Когда мне исполнилось шесть лет, а моему младшему брату — два, мы одновременно заболели корью. Это случилось в июне, и мы днем и ночью страдали от невыносимого жара и не могли спать, поскольку лежа начинали кашлять и задыхаться. Взять на руки нас тоже не могли, это причиняло нам сильную боль. Помню, как мы с младшим братом, завернутые в бамбуковые циновки и похожие на блинчики с начинкой, стояли в тенистой прохладной части комнаты. Домашние уже приготовили для нас два маленьких гроба и поставили их на террасе, но к счастью, мы оба поправились. Для моего брата после болезни пригласили няню, крепкую и рослую женщину, мяо по национальности, и она так хорошо ухаживала за ним, что он удивительно быстро окреп. Меня же болезнь совершенно изменила, с тех пор я никогда уже не был здоровяком.

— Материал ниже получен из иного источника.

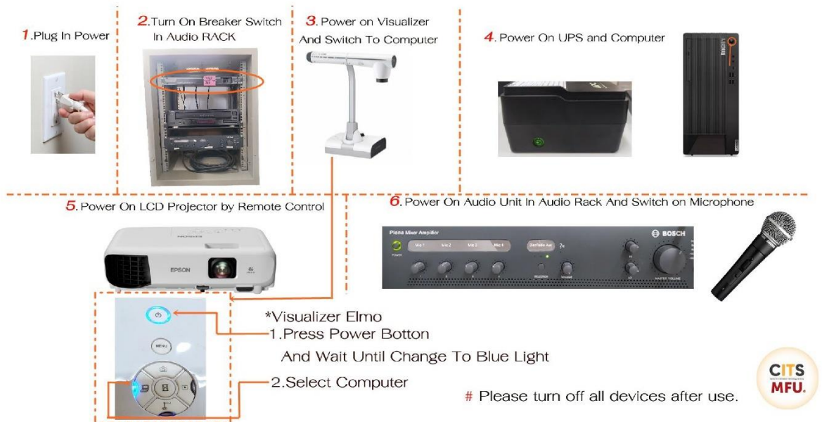
รูปแสดงการต่อพ่วงอุปกรณ์ภายในห้องเรียน แบบที่ 3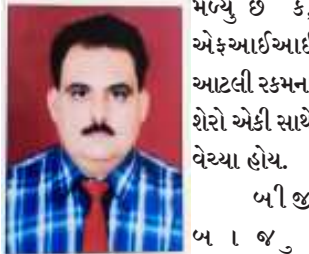
(સૌરાષ્ટ્ર ક્રાંતિ કાર્યાલય-રાજકોટ)

ભાવનું છે કે, એકઆઈઆઈ આટલી રકમના શેરો એકી સાથે વેચ્યા હોય. બીજા મોંઘવારીને કારણે વ્યાજદરોમાં થઈ રહેલો વધારો પણ બજારના ઘટચાનું કારણ છે, ફૂડ ઓઈલમાં પણ સતત તેજ થતાં પેટ્રોલ-ડિઝલના ભાવો વધવાની શક્યતા પણ બજારમાં ભેવાઈ રહી છે. એક.વા.૨.૩ના પ્રથમ ક્વાર્ટરના પરિણામો પણ નબળા આવાશે અથવા તો ધાર્યાં હોય તેટલા સારા નહીં હોય. રશિયા-યુક્રેન વિવાદ પણ ખુબ લાંબો ચાલ્યો છે. જેના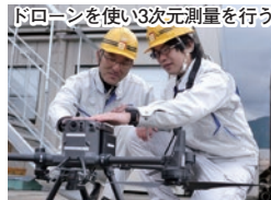
ドローンを使い3次元測量を行う ネパールのオフショア拠点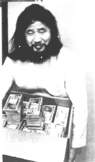
真理教教主麻原彰晃在三億日元失而復得時攝。（查實係內部“擺烏龍”）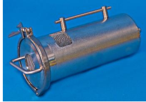
图 5 清洗器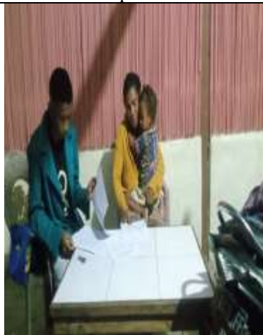
Wawancara dengan Masyarakat Usapinonot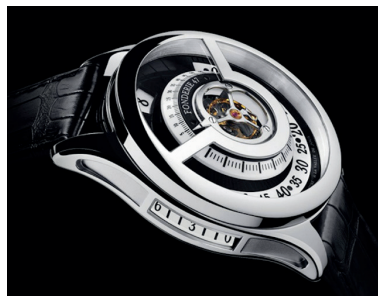
Garde-temps réalisé pour un riche Américain. «Pour le mouvement et la boîte, nous sommes parti d'une feuille blanche, tout est nouveau»

В шесть лет я самостоятельно ходил в частную школу, где получил свою долю сурового обращения, которое обычно применялось к школьникам. Но поскольку к тому времени я уже знал немало иероглифов, да и память у меня с детства была очень хорошая, я отделался гораздо легче, чем другие. На следующий год я перешел в другую частную школу, начал общаться со старшими мальчиками и научился у этих сорванцов, как себя вести со старомодными учителями и как убегать от книг, чтобы общаться с природой. Тот год заложил основу для формирования характера и воспитания чувств. Я сбегал с уроков и обманывал близких, чтобы скрыть прогулы и избежать наказания. Это приводило в ярость моего отца, однажды он даже пригрозил, что отрубит мне палец, если я снова пропущу занятия в школе и совру. Меня не испугала эта угроза, и я, как прежде, не упускал случая сбежать с занятий. Когда я научился смотреть на все собственными глазами и окунулся в другую жизнь, я потерял интерес к школе.
Мой отец очень любил меня, и одно время я был центральной фигурой в нашей семье. Стоило мне немного заболеть, все домочадцы, не смыкая глаз, дежурили у моей кровати, ухаживали за мной, и каждый по первой моей просьбе готов был качать меня на руках. В то время наша семья была довольно обеспеченной, и, думается мне, в материальном плане я был в более выгодном положении, чем большинство детей наших родственников. Мой отец в свое время мечтал стать генералом, однако на меня он возлагал куда большие надежды. Похоже, он рано разглядел, что я не создан для военной службы, и не надеялся, что я стану генералом, но рассказывал мне много историй об отваге и доблести моего деда, а также о том опыте, который сам получил во время восстания ихэтуаней. Он считал, что какой бы путь я ни выбрал, мне суждено добиться многого и занять положение выше генеральского. Первым, кто хвалил мой ум и смекалку, был именно отец. Но его солдатское сердце было разбито, когда он обнаружил, что я вместе с группой маленьких шалопаев сбегал из школы и целыми днями слонялся без дела и что он не в силах обуздать меня и отучить лгать. В то же время мой брат, младше меня на четыре года, благодаря тому, что присматривавшая за ним мяоская женщина нашла правильный подход к его воспитанию, вырос на удивление сильным, и, несмотря на малый возраст, вел себя спокойно, держался с достоинством и самоуважением. Неудивительно, что члены семьи, разочаровавшись во мне, переключили свое внимание на него. И он оправдал их ожидания, став в двадцать два года полковником пехоты. Отец служил в Монголии, на северо-востоке и в Тибете, нигде себя особо не проявил и на двадцатом году существования республики[176] был лишь полковником, поэтому мечты о генеральском звании он перенес на моего младшего брата. Умер отец на своей малой родине от какой-то пустяковой болезни.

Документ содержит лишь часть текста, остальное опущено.